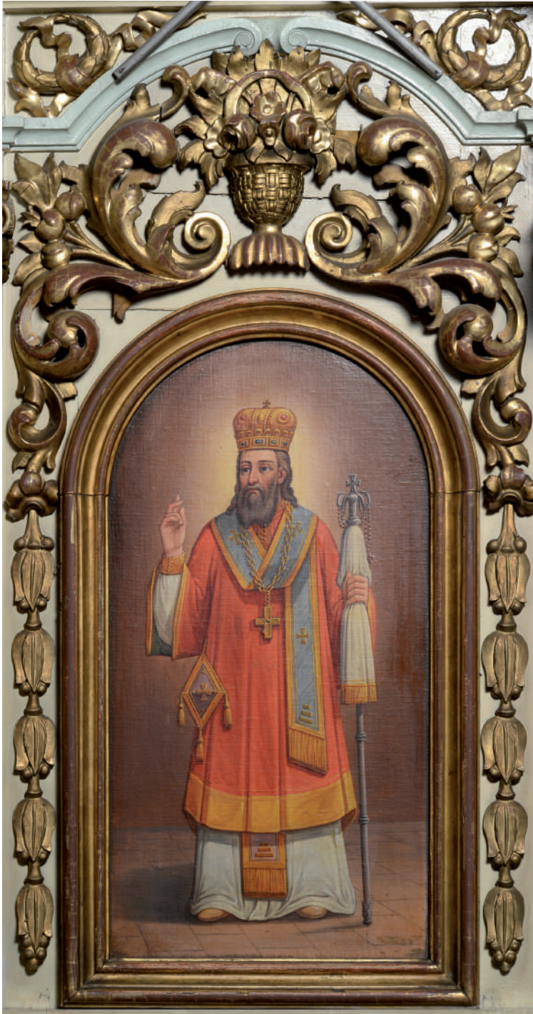
Arhiereu (Scaun arhieresc – sud)
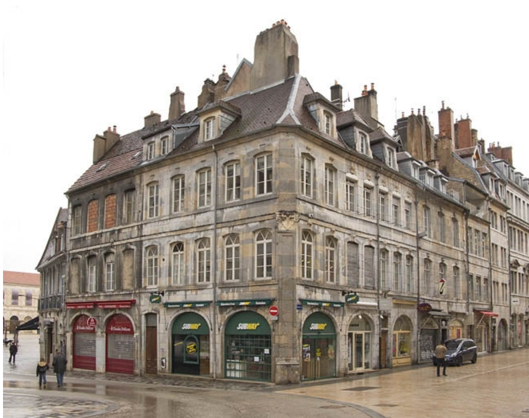
Vue d'ensemble depuis l'angle de la rue des Boucheries et de la Grande Rue.

25, Besançon Grande Rue 3, lieudit : îlot Chevanney
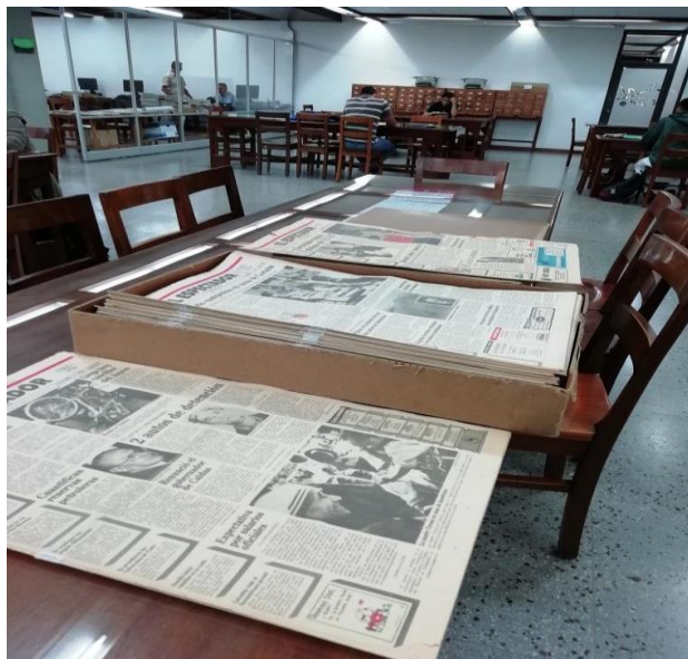
Figura 8. Periódicos en la Biblioteca Carlos Gaviria. Fotografía tomada en el archivo histórico del Cuarto piso. Elaboración propia.

Dependencia que desarrolla sus actividades principalmente desde el eje misional de la docencia, en tanto apoya los procesos de académicos de estudiantes. Su acervo patrimonial está constituido por la colección patrimonial, colección de prensa, colección Antioquia y archivos personales ubicadas en la Biblioteca Carlos Gaviria Díaz; la colección de historia de la medicina de la misma facultad, y la colección de veterinaria y zootecnia.
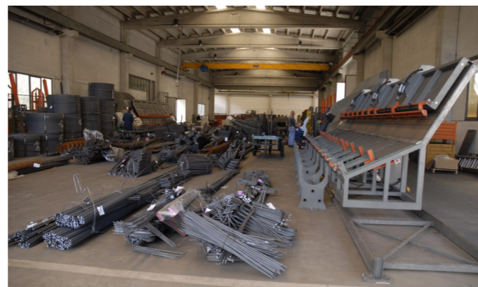
Produzione per diametro al fine di assicurare un servizio migliore. Produktion-Durchmesser um einen besseren Service zu gewährleisten. Production par diamètre pour assurer un meilleur service.
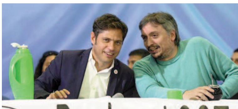
Axel Kicillof y Máximo Kirchner.

En el Instituto Patria, no piensan en hacer un apoyo explícito a la idea de quitar las primarias, pero saben que como "ya se suspendió en todos lados no hay margen para otra cosa".
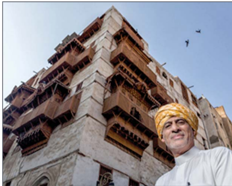
• من أعماله

ومنذ اليوم الأول للمهرجان سيستمتع زوار المهرجان بالحفلة الغنائية للفنان البحريني خالد فؤاد وذلك يوم الأربعاء الموافق 14 ديسمبر، الحفل الغنائي الثاني سيكون للفنائة داليا وذلك يوم الخميس الموافق 15 ديسمبر، كما سيتم الإعلان في الأيام القادمة عن المزيد من الحفلات الغنائية. ودعت طلبة البحرين البلدية والمقيمين وزائري مملكة البحرين مدعوين للاحتفال بالعيد الوطني المجيد وعيد جلوس صاحب الجلالة الملك حمد بن عيسى آل خليفة حفظه
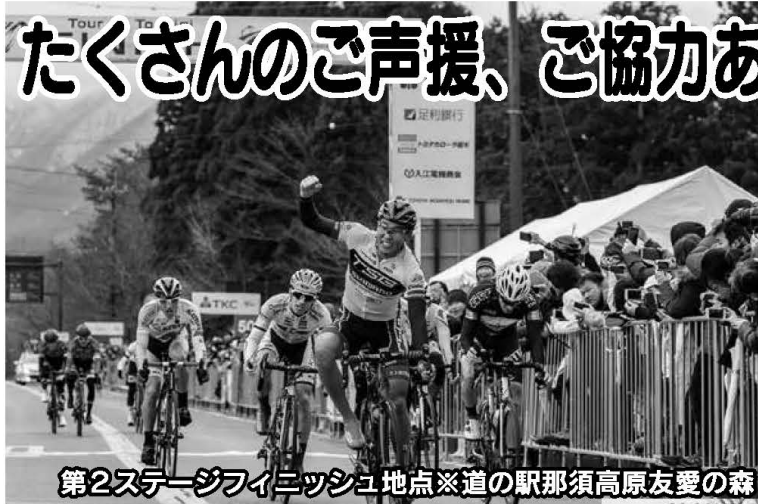
第2ステージフィニッシュ地点※道の駅那須高原友愛の森
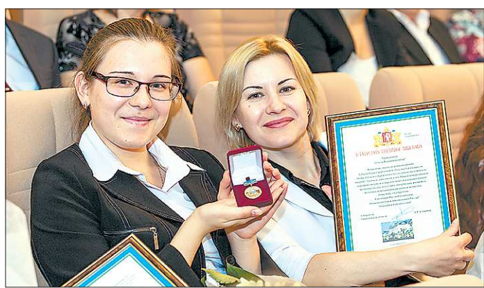
Более 800 юных свердловчан уже получили премии губернатора

Первого августа начнётся первая смена в Уральском образовательном центре «Золотое сечение», который будет работать по методикам сочинского «Сириуса». Новый региональный проект нацелен на поддержку одарённых детей. «ОГ» решила узнать, какую ещё поддержку получают в Свердловской области талантливые дети.
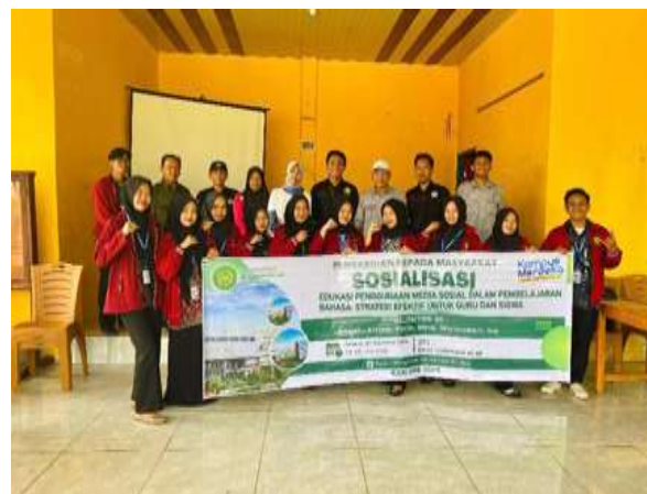
Gambar 3. Foto Bersama Guru SMKN 02 Bengkulu Tengah
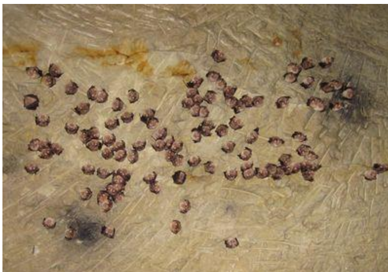
Chauves-souris dans les caves de Rigny-Ussé

https://www.cen-centrevaldeloire.org/tout-l-agenda/event/22-nuit-de-la-chauve-souris
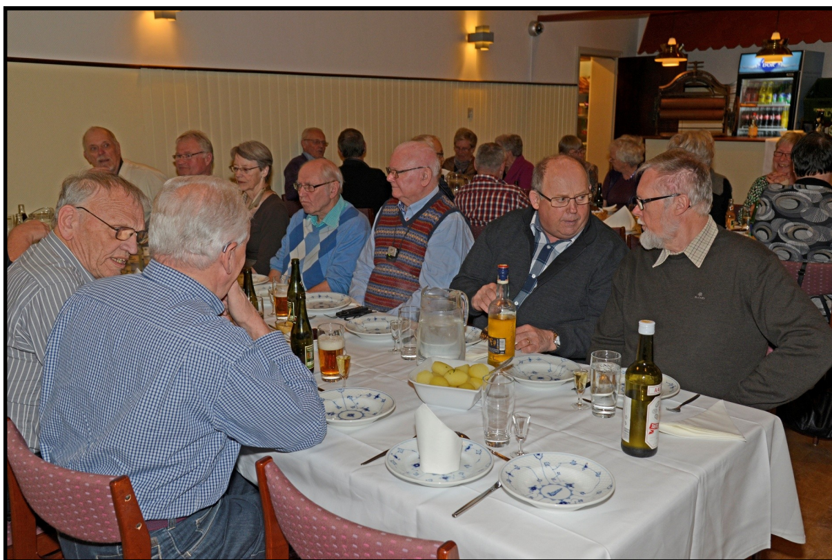
Efter generalforsamlingen var der, som traditionen foreskriver, gule ærter og en lille snaps dertil - hvilket satte gang i en livlig snak blandt arkivfolkene.

Sidste år indeholdt bestyrelsens beretning også nogle knubbede ord om den omlægning af udlånsordningen af arkivalier, som Statens Arkiver gennemførte efter tyverierne af arkivalier fra deres læsesale. Beslutningen var, at vi skulle kontakte kulturminister og Folketingets kulturudvalg om konsekvenserne for den lokalhistori-
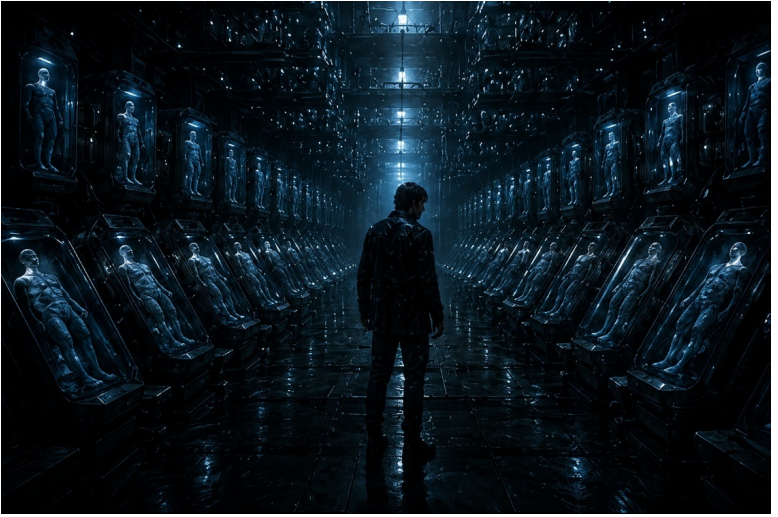
Иллюстрация «Зал архивированных сознаний».

каждом — форма. Человеческая форма, неподвижная, с закрытыми глазами, застывшая в позе, которая должна изображать покой, но является просто позой стазиса.
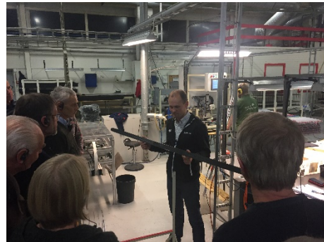
Dir. Rune Abrahamsen, Moelven Limtre
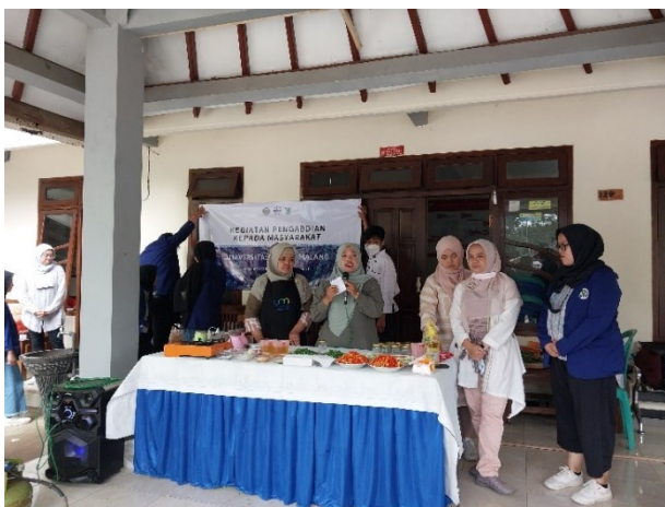
Gambar 3 dan 4. Tim pendamping memberikan pengarahan sebelum melakukan demonstrasi memasak sambal bakar.

Setelah edukasi tersebut warga Desa Benjor yang didampingi oleh tim pelaksana memberikan demonstrasi mengenai cara memasak dan melakukan pengemasan yang baik agar kedepannya masyarakat mampu mengelola usaha tersebut dengan nilai jual yang tinggi serta dapat dikenal oleh khalayak, baik dari skala regional sampai nasional agar sesuai dengan salah satu tujuan dari ekonomi kreatif yang tercantum dalam Undang-Undang Nomor 24 tahun 2019 (Pusat, 2019).
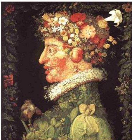
Le printemps- 1563

Il a fait plusieurs séries sur les saisons et une sur les éléments (terre-eau-feu-vent)
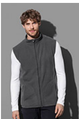
ST5110 Fleece Vest
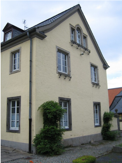
Ein Wirtschaftsgebäude der Zisterzienserabtei Heisterbach in Königswinter-Oberdollendorf (2005).
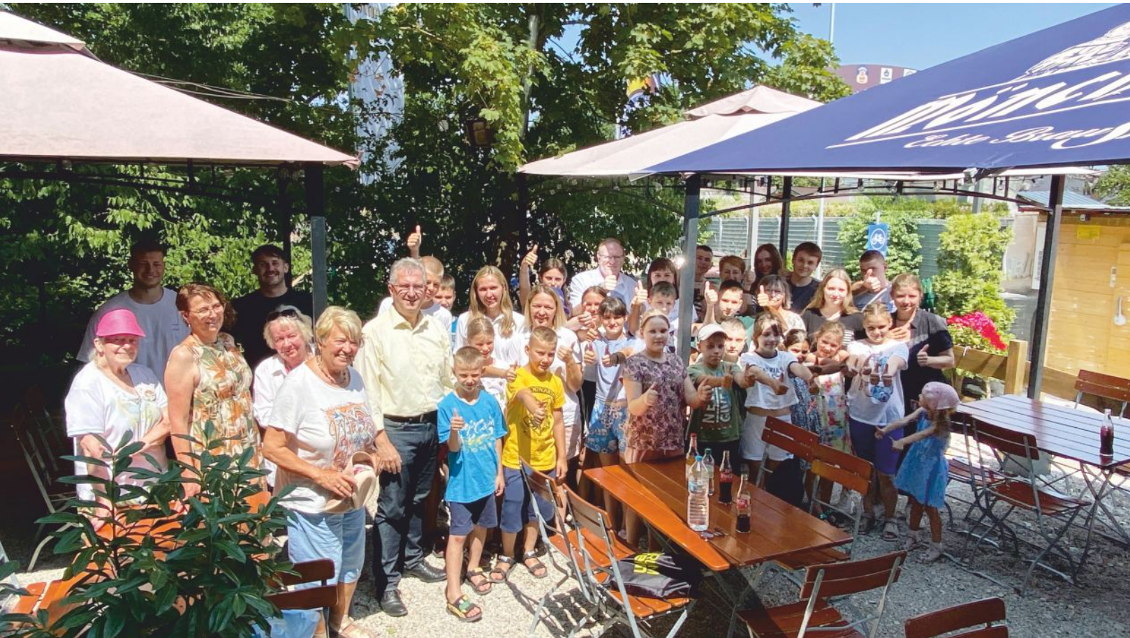
Groß ist die Freude aller über den Besuch der Kinder aus Tschernobyl in Stein.
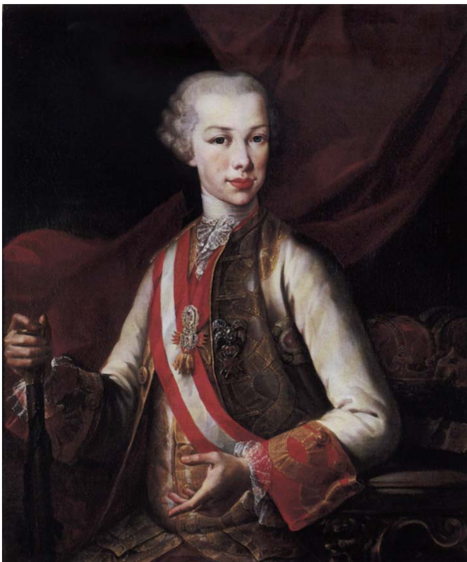
8. Ritratto di Pietro Leopoldo d'Asburgo-Lorena, granduca di Toscana, 1765-1790. Firenze, Soprintendenza archivistica per la Toscana. Vedi schede n. 2619, n. 3009 e n. 3028.
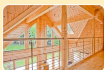
DÉCEMBRE - BT16B
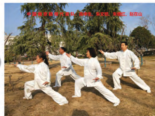
中国南京鼓楼区武协代表队
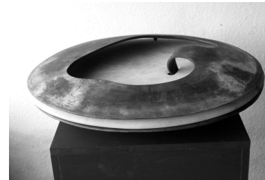
Wolfgang Ueberhorst, SKULPTUR Nr. 4 (2003) sNascita di unqidea%(Bronze & Alabaster)

Michael Denhoff SKULPTUR III op. 76, 3 (2001) . ca. 15q
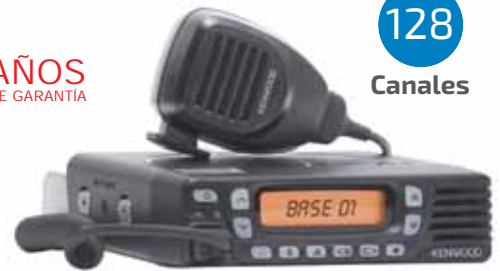
Dim: 160 x 43 x 137 mm
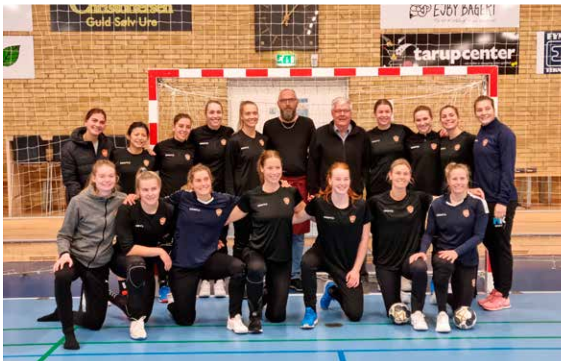
Odense Håndboldklub havde den 21. oktober 2021 træning i Langesø Hallerne.
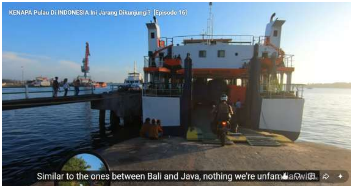
Gambar 3 Kapal Feri yang menghubungkan Pulau Enggano dengan dunia luar

Dalam perspektif nasionalisme, akses transportasi bukan sekadar sarana mobilitas, tetapi juga simbol keterhubungan wilayah terpencil dengan pusat nasional (J. T. Ibrahim et al., 2025). Peningkatan infrastruktur transportasi akan memperkuat integrasi Enggano ke dalam komunitas imajiner Indonesia, sekaligus membuka peluang bagi pengembangan pariwisata berkelanjutan dan diplomasi budaya yang lebih luas (Swabawa et al., 2025).
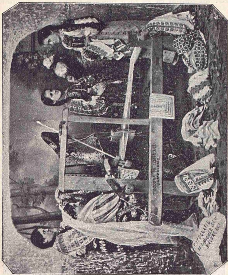
Terance țesend la rășboi.

cele române abătându-se de la obiceiul străbun se fac` de rîs și glumă prin rochiile și pălăriile străine și pe cari nici nu le sciū îmbracă nici conservă. Vădend asemenea țărance, fără voe ne vine în minte fabula, când cióra încercă să se
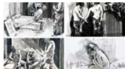
Малюнки художника Сергія Захарова із концтабору «Ізоляція».
*****
== Task item ==
For the listing above, give the number of lines in which the string "yang" occurs, and nothing else.

== Solved problem ==
3